ACC Commissioner Jim Phillips addressed the future of the league following the conclusion of the league’s spring meetings on Wednesday. “What I’ve been told (by athletic directors and presidents) is that we’re all in this together — for sure,” he said. Here’s what you need to know:
- Reports surfaced this week that seven ACC schools (Virginia Tech, Florida State, Clemson, Miami, North Carolina, North Carolina State and Virginia) met with attorneys to explore the ACC’s rights offering. Each other and the league until 2036.
- Phillips said he encourages universities to come to ACC headquarters to examine the conference’s granting of rights. “I didn’t have a warning sign that something bad was going to happen, etc.,” he said Wednesday.
- On the panel investigating the granting of rights, Phillips said, “That’s not news to me. There isn’t a conference or organization that doesn’t talk about the expansion and landscape of the conference and what’s best.
AthleticInstant Analysis:
What comes next
Everyone takes a deep breath. Seriously. It’s been an interesting and stressful few days at the ACC, and when it all comes down to it, the bottom line is this: We know schools are testing their rights to see how airtight they are, and now we know some. Those schools have had those conversations among themselves. It’s not entirely shocking, but each decision feels elevated in a period of instability and restructuring on the national landscape.

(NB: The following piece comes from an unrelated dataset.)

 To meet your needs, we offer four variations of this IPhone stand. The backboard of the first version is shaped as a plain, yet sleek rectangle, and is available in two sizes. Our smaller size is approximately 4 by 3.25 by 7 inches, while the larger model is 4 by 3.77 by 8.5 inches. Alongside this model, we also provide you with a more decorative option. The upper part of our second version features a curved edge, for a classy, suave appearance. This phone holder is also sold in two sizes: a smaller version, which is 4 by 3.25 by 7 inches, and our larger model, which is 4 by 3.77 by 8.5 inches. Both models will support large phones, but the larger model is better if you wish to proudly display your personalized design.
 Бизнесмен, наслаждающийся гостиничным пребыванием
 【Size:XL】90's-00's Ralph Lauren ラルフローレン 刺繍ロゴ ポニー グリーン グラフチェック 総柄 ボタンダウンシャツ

Does that mean those seven schools are actually going to challenge the granting of rights? We don’t know. They don’t know yet. Will it happen soon or will it be another six years? We don’t know that either. But, as an ACC source told me last week, “If it was that simple, everyone would be doing it already.” — Auerbach
What Phillips said
The ACC board of directors won’t vote on a new revenue-sharing model next week, but “the board is excited about it,” Phillips said. The league is debating weighted ways to reward on-field (or on-court) success, essentially allowing the most successful schools to eat more of what they kill.
“We’re more together than a small subset, which means national championships have proven that it’s better when you have multiple leagues, not just a couple.”
Backstory
On Tuesday, Florida State athletic director Michael Alford said the Seminoles were “thrilled” to be in the ACC and wanted to remain a member of the league, one day after reports surfaced that a group of schools were exploring ways to leave the conference. During the ACC spring meetings this week in Amelia Island, Fla., Alford also said league members will discuss revenue-sharing models to implement in the new 12-team College Football Playoff era.

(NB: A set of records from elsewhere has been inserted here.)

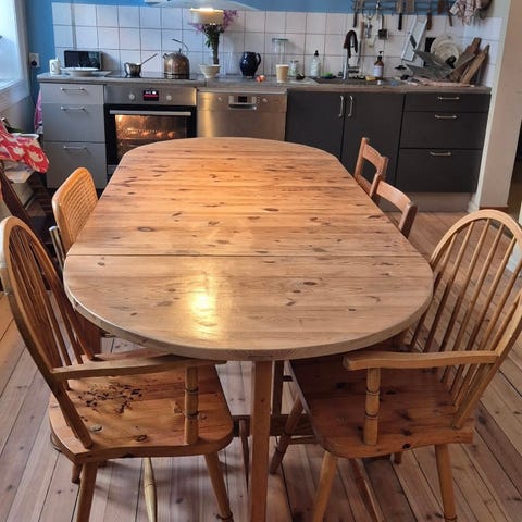 4 jærstoler i ubehandlet furu. Kan leveres 2. januar
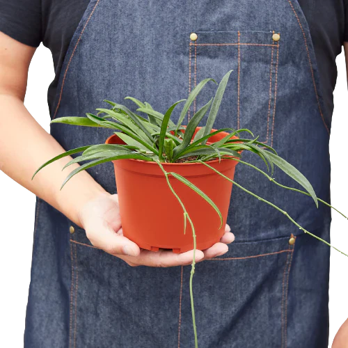 - Description: The String Bean Hoya produces 2-3" wide clusters composed of sweetly fragrant 1/2" wide white waxy star-shaped flowers with a small maroon eye. The long narrow deep green glossy foliage adorns the long trailing stems and give the plant its common due to their resemblance to string beans.
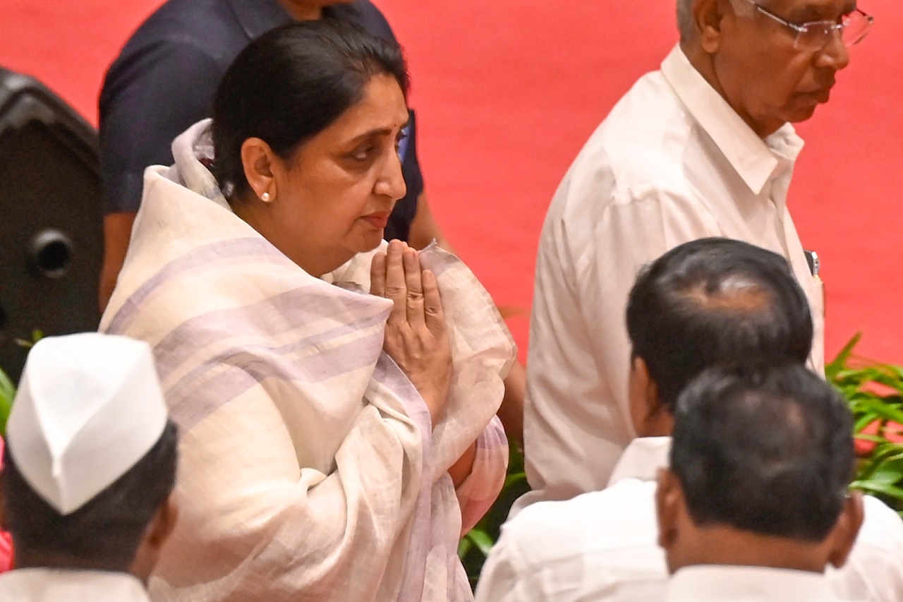 Before her swearing in, Sunetra Pawar was unanimously elected as the NCP Legislature Party leader. Her name was proposed by party veteran Chhagan Bhujbal and seconded by Dilip Walse Patil and a host of other legislators.
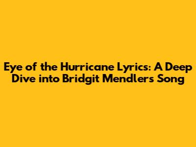 Hey guys! Ever found yourself completely captivated by a song, diving deep into its lyrics to uncover every hidden meaning? Well, that’s exactly what we're doing today! We're going to explore Bridgit Mendler's awesome track, "Eye of the Hurricane." This song isn't just a catchy tune; it's a lyrical journey that many can relate to. So, buckle up, and let’s get started!
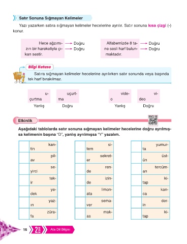 Aşağıdaki tablolarda satır sonuna sığmayan kelimeler hecelerine doğru ayrılmış-
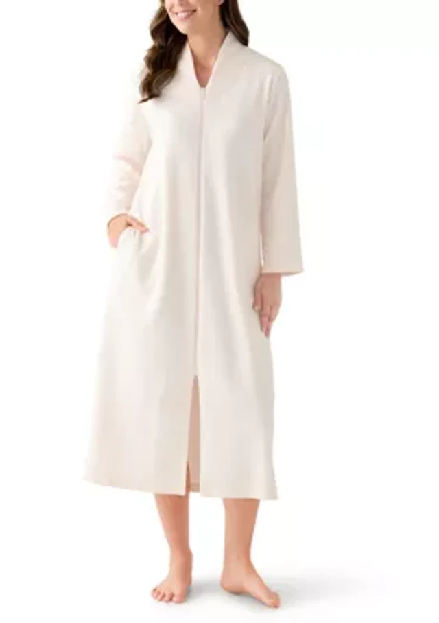 Miss Elaine Plus Size Brushed Back Terry Knit Diamond Long Zip Robe
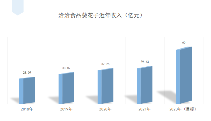 作为洽洽食品第一大收入来源,葵花子2023年的含税销售额目标为约60亿元。虽然该产品在2021年收入出现增长,但距离前述目标,还有约20亿元的差距。
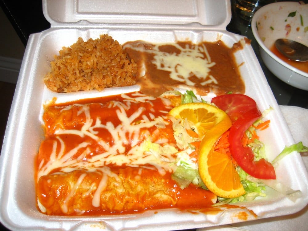 Served with rice and beans, lettuce, pico de gallo, salad and guacamole, red sauce or green sauce.
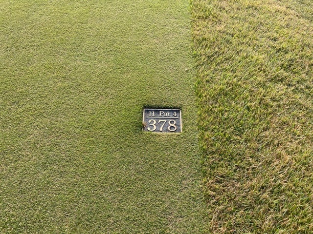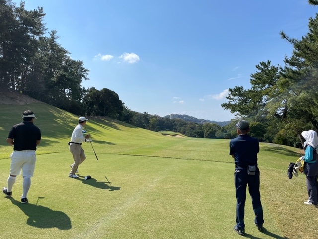 10番374yミドルは、ドライバーは左へ飛びます。暫定球を打つ。なんとか初球はセーフ。ややこしい位置から8アイアンで奥14mに2オン。が、3パンチ発進。見事な2オンから縁のJ.Kさんと同級生のH.Yさんがパー。お見事。
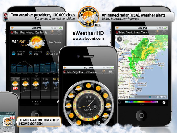 eWeather HD - это приложение, которое предоставляет точный и детальный прогноз погоды по всему миру. Для удобства просмотра информации в программе имеются собственные виджеты. Причем данные, которые будут показаны в виджете, вы можете указать самостоятельно. Например, приложение может выводить на виджет текущую погоду и прогноз на несколько ближайших дней или же показывать информацию о погодных условиях сразу в нескольких населенных пунктах. Стоит отметить, кстати, что программа довольно тесно работает со службами геолокации и может автоматически переключать населенные пункты на главном экран в соответствии с вашими перемещениями.
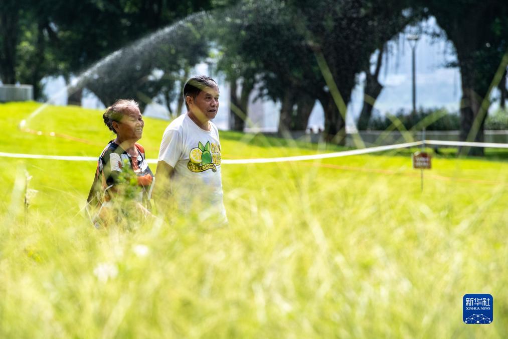 8月6日,在位于重慶長(cháng)江岸邊的珊瑚公園,市民在散步。
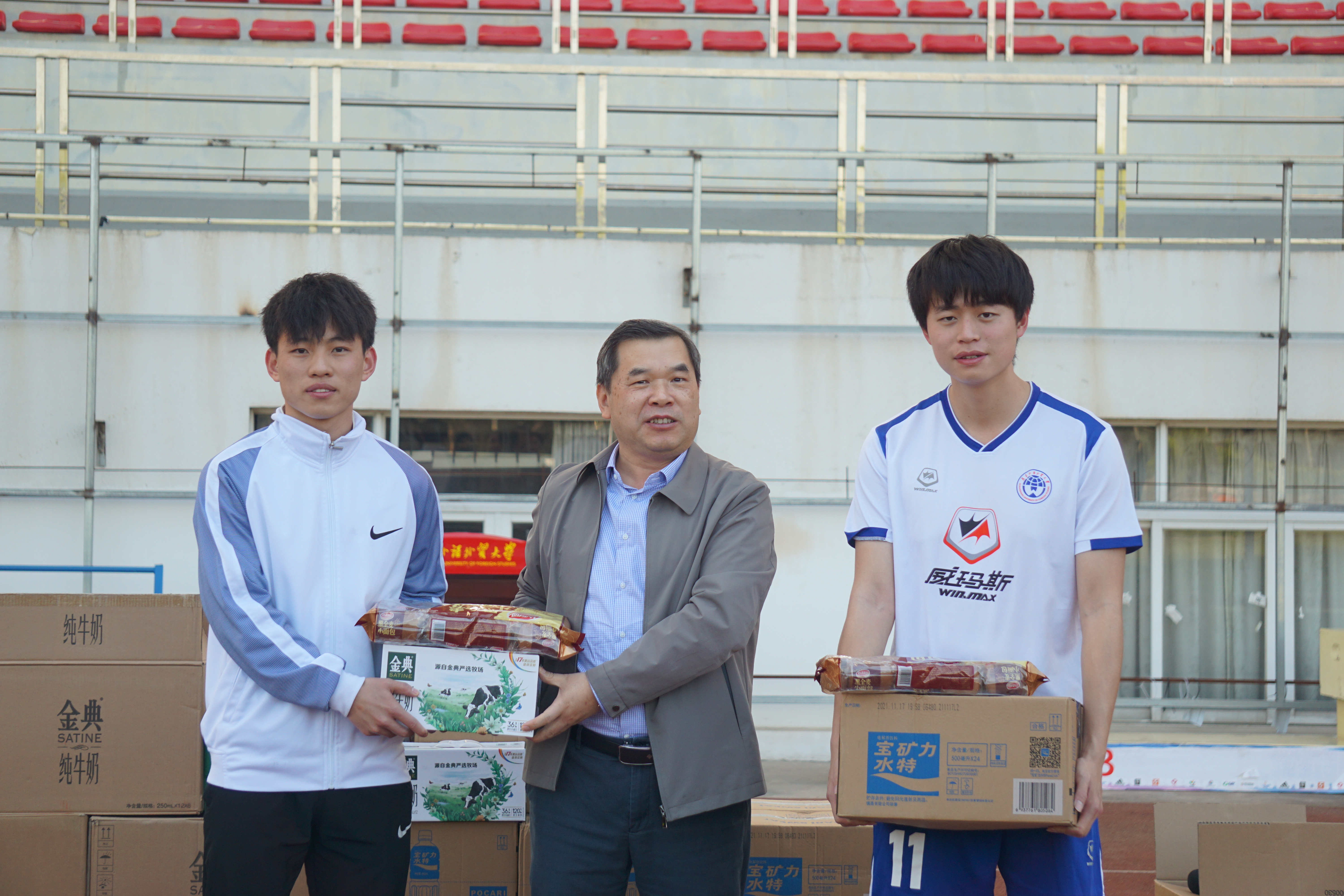 副校长焦方太到达训练场地后与各运动队运动员、教练员亲切交谈,听取教练员的训练工作情况,了解队伍在备战过程中遇到的问题和困难,及时给予协调和解决,并向各运动队送上慰问品。

“ADs and universities are very intertwined,” Alford told reporters. “So we’re happy to be in this league and we want to stay in it.”

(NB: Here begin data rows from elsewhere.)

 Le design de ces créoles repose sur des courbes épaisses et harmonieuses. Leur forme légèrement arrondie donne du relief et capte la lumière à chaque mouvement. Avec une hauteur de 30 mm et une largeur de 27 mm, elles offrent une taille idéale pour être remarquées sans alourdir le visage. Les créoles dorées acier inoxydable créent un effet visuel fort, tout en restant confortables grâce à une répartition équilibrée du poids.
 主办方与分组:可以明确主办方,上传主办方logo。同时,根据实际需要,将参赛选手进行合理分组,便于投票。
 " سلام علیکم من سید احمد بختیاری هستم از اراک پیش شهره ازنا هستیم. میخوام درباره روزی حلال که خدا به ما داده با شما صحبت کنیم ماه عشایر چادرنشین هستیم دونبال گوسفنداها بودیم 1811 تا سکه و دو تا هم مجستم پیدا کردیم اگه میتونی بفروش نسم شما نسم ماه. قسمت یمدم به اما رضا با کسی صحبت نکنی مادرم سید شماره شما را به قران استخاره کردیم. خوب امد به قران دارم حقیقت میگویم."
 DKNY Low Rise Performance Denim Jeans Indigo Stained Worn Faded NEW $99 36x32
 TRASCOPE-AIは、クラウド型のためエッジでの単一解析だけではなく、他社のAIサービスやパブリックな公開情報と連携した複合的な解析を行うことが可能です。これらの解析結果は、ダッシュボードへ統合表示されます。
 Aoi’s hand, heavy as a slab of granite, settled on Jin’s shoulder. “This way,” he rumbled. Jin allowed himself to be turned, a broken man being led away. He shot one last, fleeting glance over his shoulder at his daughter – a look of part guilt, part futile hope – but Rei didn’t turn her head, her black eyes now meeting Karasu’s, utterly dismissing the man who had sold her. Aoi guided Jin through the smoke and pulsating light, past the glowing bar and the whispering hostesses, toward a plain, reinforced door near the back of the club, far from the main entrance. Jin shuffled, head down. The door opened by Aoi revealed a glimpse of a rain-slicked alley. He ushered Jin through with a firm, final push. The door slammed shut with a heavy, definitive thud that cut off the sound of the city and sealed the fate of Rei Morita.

Virginia Tech Athletic Director Whit Babcock Confirmed to the Richmond Times-Dispatch All seven schools have come together to discuss.
Here’s what Babcock and Radakovich said
“I would classify it as a lot of conversations, usually in small groups, about the rights offering, the league’s bylaws, the explanations of the options that are out there,” Babcock told The Times-Dispatch. “But you know, the granting of rights has been seen many times by many people.”
Babcock said that many interpreted Monday’s statements to mean that the conversations were not organized and that many of the discussions had seven subcommittees, not all seven together. After those conversations became public, Miami aired the grievances, according to athletic director Dan Radakovich.
“People need to say where they are and why they feel that way,” Radakovich told reporters, adding that the growing revenue gap between the Big Ten and the SEC and everyone else could affect ACC schools in myriad ways. or in court. “We have this gap, and the gap is not just about money,” Radakovich said.
“I think the way it came out was less than ideal, but it was a catalyst for some real conversations and maybe we can get the work done as ACC a little bit faster,” Babcock said.